> _WHAT THE TASK ASKS_
Restate all of the following data exactly, keeping any images out of the copy.

[Source data]

-=-=-=-=-

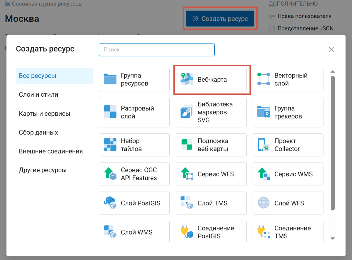 Теперь, когда у нас есть несколько слоёв с добавленными к ним стилями, можно опубликовать первую веб-карту. Вернитесь в группу ресурсов Москва и выберите в меню создания ресурса тип Веб-карта.
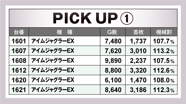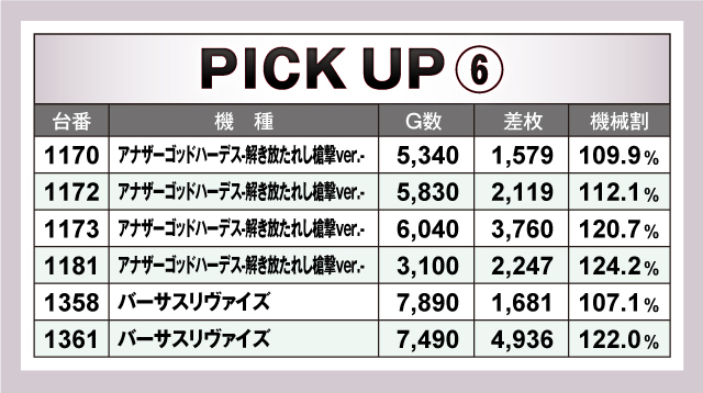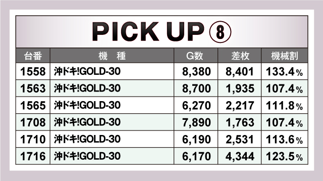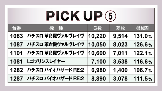 まずは優秀台30台の紹介から。30台全てが差枚数+2,700枚以上を達成しており、+3,000枚以上は27/30台、+4,000枚以上は14/30台、+5,000枚以上は9/30台と高水準の結果がズラリ。そして最優秀台は、1083番台「パチスロ 革命機ヴァルヴレイヴ」の+9,514枚、次点で1558番台「沖ドキ!GOLD-30」の+8,401枚、1087番台「パチスロ 革命機ヴァルヴレイヴ」の+8,023枚と大満足の結果となった!
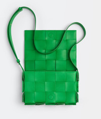 • Fringed intreccio leather cross-body bag • Single interior zipped pocket • Magnetic closure Material: 100% Lambskin • Lining: Bonded Lambskin • Color: Parakeet • Hardware: Gold finish • Height: 15 cm | 5.9" • Width: 23 cm | 9.1" • Depth: 5.5 cm | 2.2" • Strap drop: 55 cm | 21.6" Made in: italy
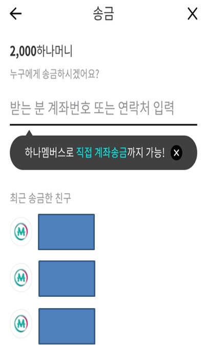 상기의 화면에서 전화번호를 입력하여 하나머니를 선물할 수 있습니다.
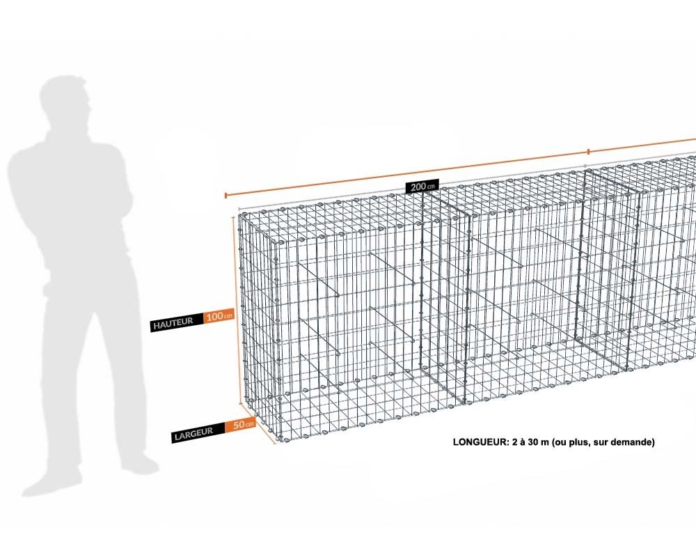 Kit gabion 100cm (H) x 50cm (L), pour clôture, assemblage agrafes, mailles 5 x 10 cm en fils de 4,5 mm sur les faces visibles. Mailles 10 x 10 cm en fils de 4 mm sur les faces invisibles .Kit de 30 m de longueur. Ces gabions sont livrés complets, sans les pierres, et à assembler.
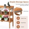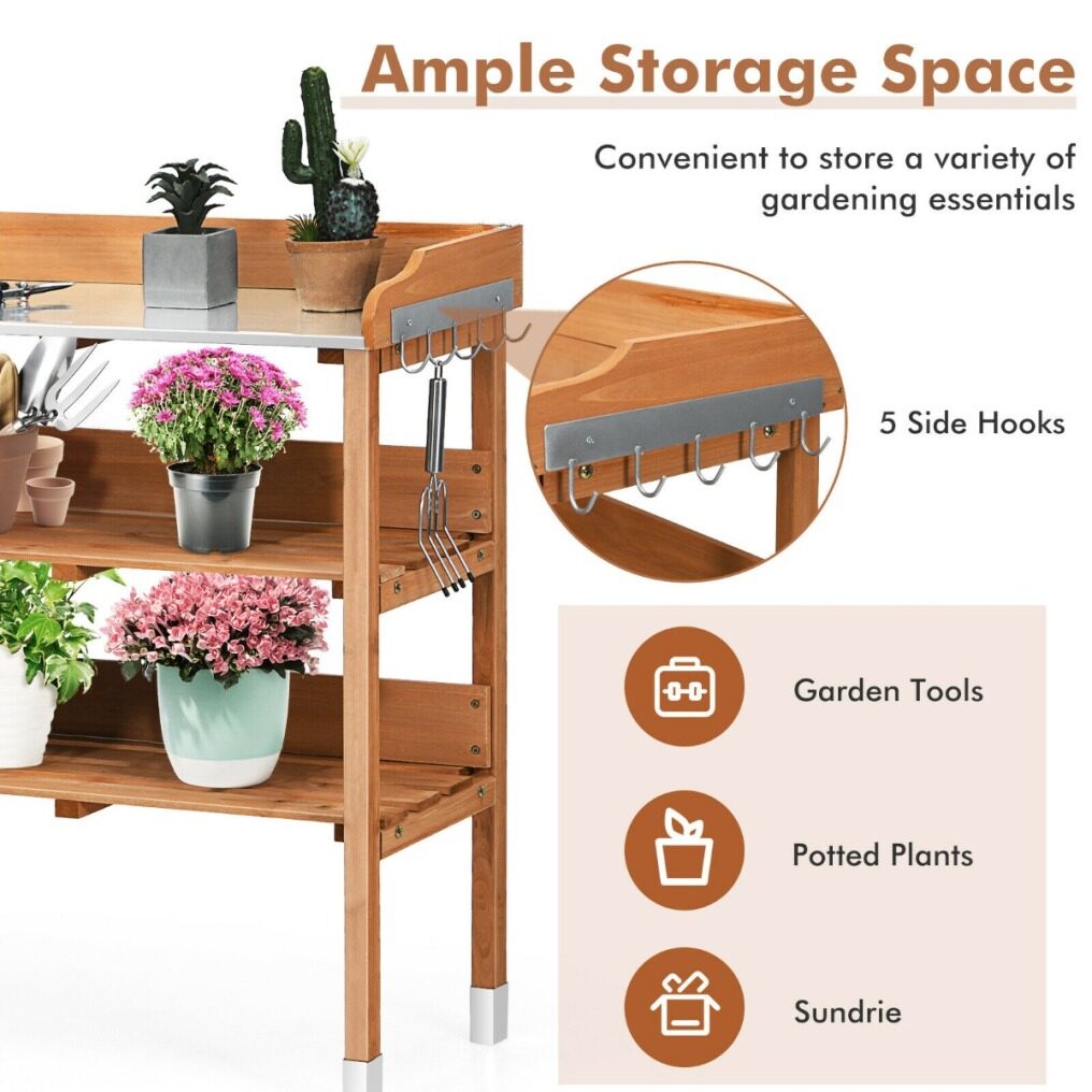 Addition Storage Shelf: This potted table is additionally designed with a lower two-tier shelf to provide enough storage space to place all your small gardening tools, and its reasonable height can also make it serve as a display stand to hold beautiful potted plants. Add 5 side hooks on the side to facilitate hanging tools.
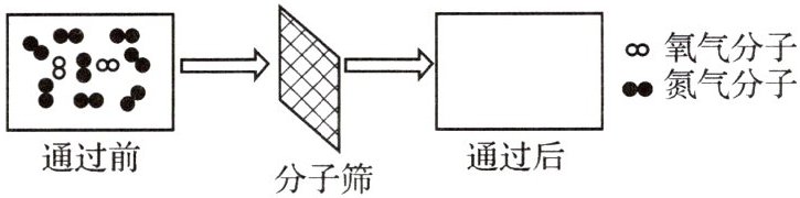 (2) 为满足生产生活对氧气的需求,市场上出现多种类型制氧机。分子筛制氧机以空气为原料,空气经过分子筛时氮气被吸附,氧气通过,获得高浓度的氧气。其微观示意图如下,请在方框中画出空气通过后的微粒图示。

-=-=-=-=-

> _ANSWER TO THE EXERCISE_
 Теперь, когда у нас есть несколько слоёв с добавленными к ним стилями, можно опубликовать первую веб-карту. Вернитесь в группу ресурсов Москва и выберите в меню создания ресурса тип Веб-карта.
 まずは優秀台30台の紹介から。30台全てが差枚数+2,700枚以上を達成しており、+3,000枚以上は27/30台、+4,000枚以上は14/30台、+5,000枚以上は9/30台と高水準の結果がズラリ。そして最優秀台は、1083番台「パチスロ 革命機ヴァルヴレイヴ」の+9,514枚、次点で1558番台「沖ドキ!GOLD-30」の+8,401枚、1087番台「パチスロ 革命機ヴァルヴレイヴ」の+8,023枚と大満足の結果となった!
 • Fringed intreccio leather cross-body bag • Single interior zipped pocket • Magnetic closure Material: 100% Lambskin • Lining: Bonded Lambskin • Color: Parakeet • Hardware: Gold finish • Height: 15 cm | 5.9" • Width: 23 cm | 9.1" • Depth: 5.5 cm | 2.2" • Strap drop: 55 cm | 21.6" Made in: italy
 상기의 화면에서 전화번호를 입력하여 하나머니를 선물할 수 있습니다.
 Kit gabion 100cm (H) x 50cm (L), pour clôture, assemblage agrafes, mailles 5 x 10 cm en fils de 4,5 mm sur les faces visibles. Mailles 10 x 10 cm en fils de 4 mm sur les faces invisibles .Kit de 30 m de longueur. Ces gabions sont livrés complets, sans les pierres, et à assembler.
 Addition Storage Shelf: This potted table is additionally designed with a lower two-tier shelf to provide enough storage space to place all your small gardening tools, and its reasonable height can also make it serve as a display stand to hold beautiful potted plants. Add 5 side hooks on the side to facilitate hanging tools.
 (2) 为满足生产生活对氧气的需求,市场上出现多种类型制氧机。分子筛制氧机以空气为原料,空气经过分子筛时氮气被吸附,氧气通过,获得高浓度的氧气。其微观示意图如下,请在方框中画出空气通过后的微粒图示。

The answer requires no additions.